Exactly as written, set down each line of the data below except its pictures.

### GIVEN DATA
★ ★ ★ ★ ★ ★ ★
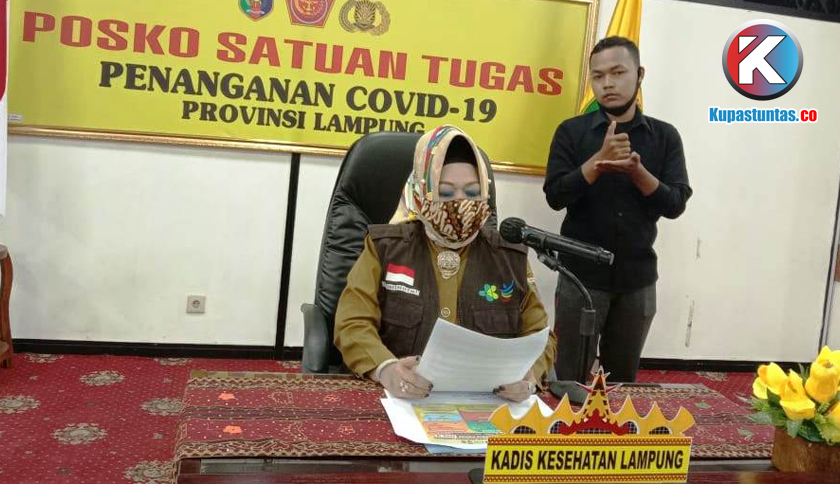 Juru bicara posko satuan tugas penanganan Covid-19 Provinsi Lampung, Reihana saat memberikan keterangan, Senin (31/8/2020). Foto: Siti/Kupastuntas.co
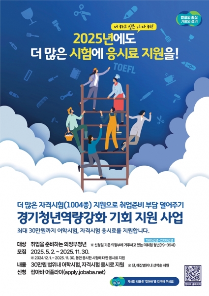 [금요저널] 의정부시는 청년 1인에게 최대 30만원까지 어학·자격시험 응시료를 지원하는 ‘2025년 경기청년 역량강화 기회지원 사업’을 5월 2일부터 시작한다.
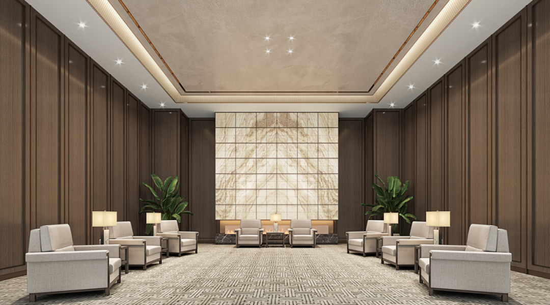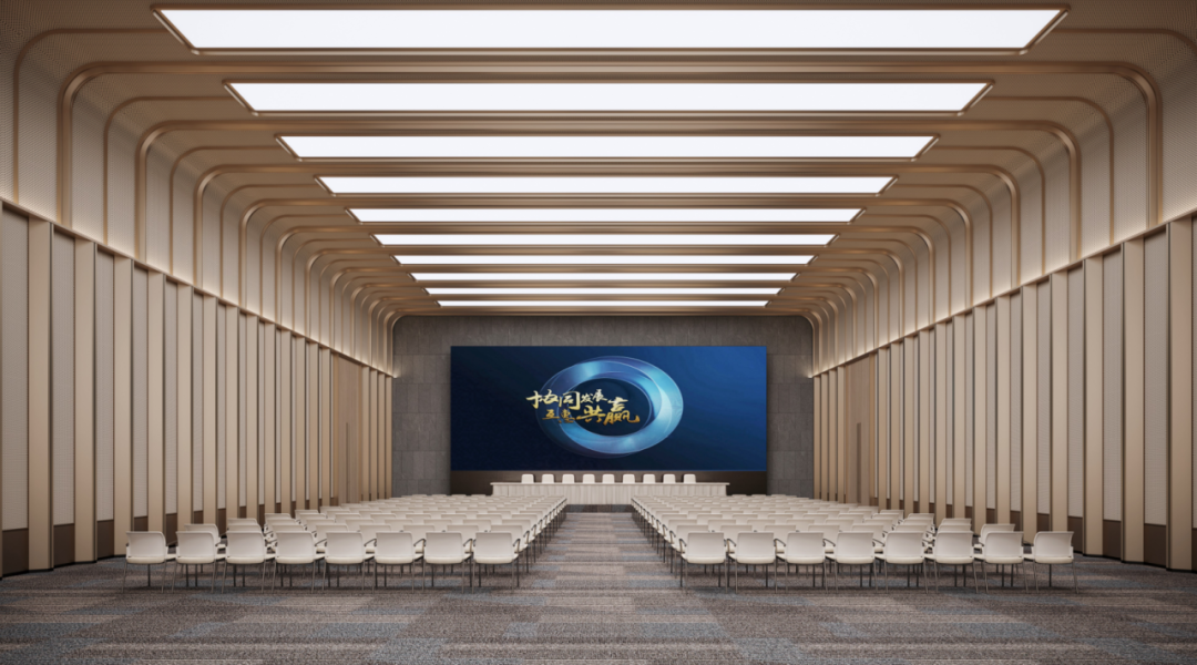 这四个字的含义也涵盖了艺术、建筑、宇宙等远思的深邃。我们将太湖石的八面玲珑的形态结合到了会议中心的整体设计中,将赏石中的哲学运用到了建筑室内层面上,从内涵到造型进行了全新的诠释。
★ ★ ★ ★ ★ ★ ★
### RESPONSE TO THIS EXERCISE
 Juru bicara posko satuan tugas penanganan Covid-19 Provinsi Lampung, Reihana saat memberikan keterangan, Senin (31/8/2020). Foto: Siti/Kupastuntas.co
 [금요저널] 의정부시는 청년 1인에게 최대 30만원까지 어학·자격시험 응시료를 지원하는 ‘2025년 경기청년 역량강화 기회지원 사업’을 5월 2일부터 시작한다.
 这四个字的含义也涵盖了艺术、建筑、宇宙等远思的深邃。我们将太湖石的八面玲珑的形态结合到了会议中心的整体设计中,将赏石中的哲学运用到了建筑室内层面上,从内涵到造型进行了全新的诠释。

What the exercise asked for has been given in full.